Quinoa is quite in trend, you know. Strange. It was first cultivated in ancient civilizations, like the Inca. So, you can understand its origin dates back to 4000 years. And I never tried it first-hand. How silly of me! It’s my sister who brought this ingredient home. And, I thought of giving this seed an Indian touch. Let it be indigenous to South America; nobody can fasten foods in boundaries. Thus, came up with this vegetable quinoa pulao recipe.

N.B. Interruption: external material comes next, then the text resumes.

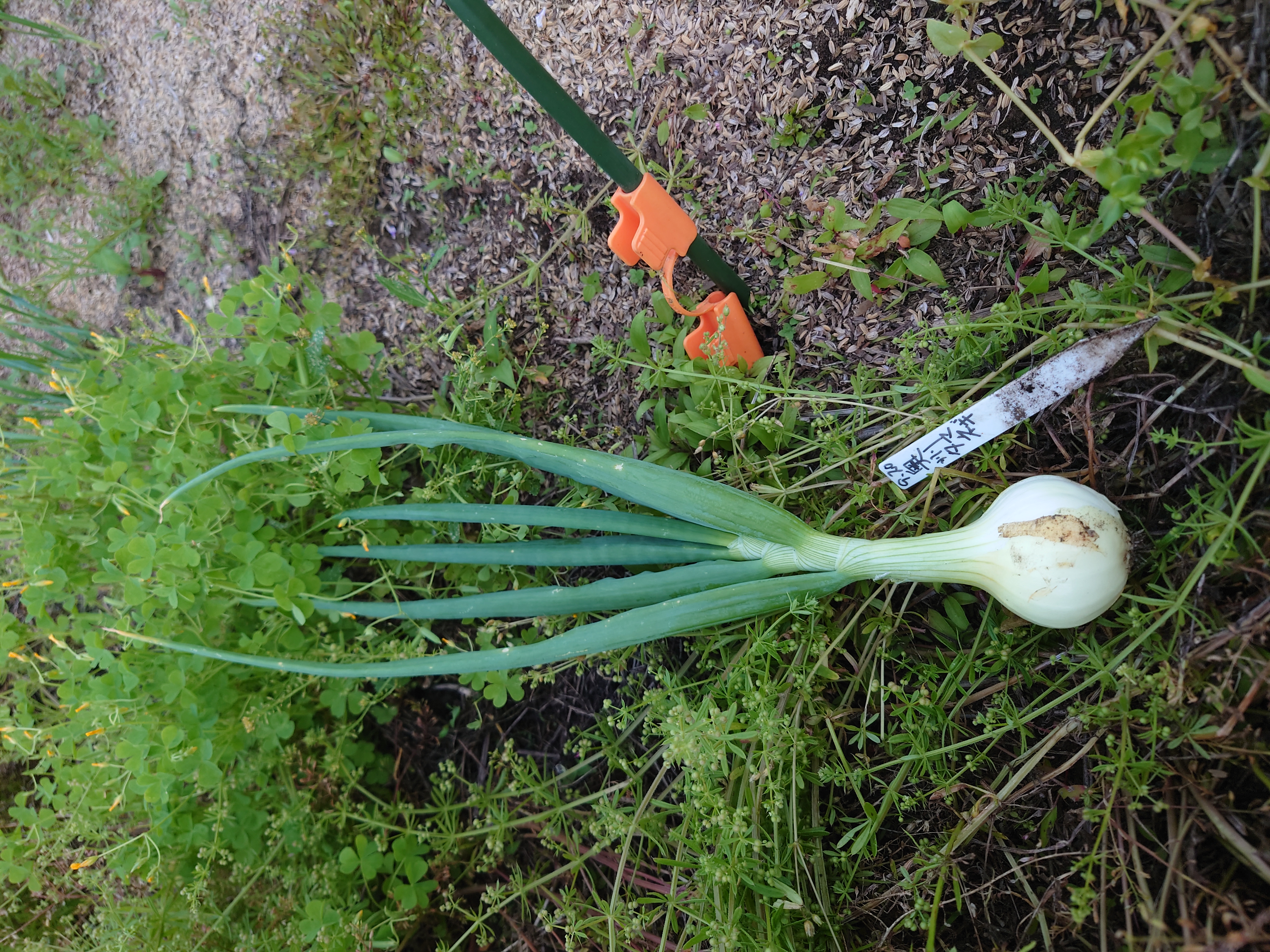 - 球が十分に太り、茎が7割程度倒れてきたら、立っている残りの茎も倒し、1週間程度放置します。

It’s tasty, gluten-free, and protein-enriched. So, if you are following any diet chart for your weight loss program, you may give it a shot blindfolded.
Let’s see how you too can make the Vegetable Quinoa Pulao.
Ingredients:
Quinoa – 2 Cups
Spinach – ½ Cup (shredded)
Onion – 1 No. (sliced)
Carrot – 1 No. (small cube)
Button mushroom – 6 Nos. (roughly chopped)
French beans – 6 Nos. (roughly chopped)
Green chilies – 2 Nos. (slit)
Ghee (clarified butter) / Oil – 1 Tablespoon
Hing (Asafoetida) – ¼ Teaspoon
Cumin seeds – ¼ Teaspoon
Curry leaves – 1 strand (optional)
Red chili powder – ½ Teaspoon
Turmeric – ½ Teaspoon
Coriander powder – ½ Teaspoon
Garam masala powder – ½ Teaspoon
Lemon juice – 1 Teaspoon
Salt – To taste
Vegetable stock – 4 cups
Procedure:
Soak the quinoa for an hour beforehand. Drain out the water completely.
Now heat Ghee / Oil in the pot where you want to make your pulao.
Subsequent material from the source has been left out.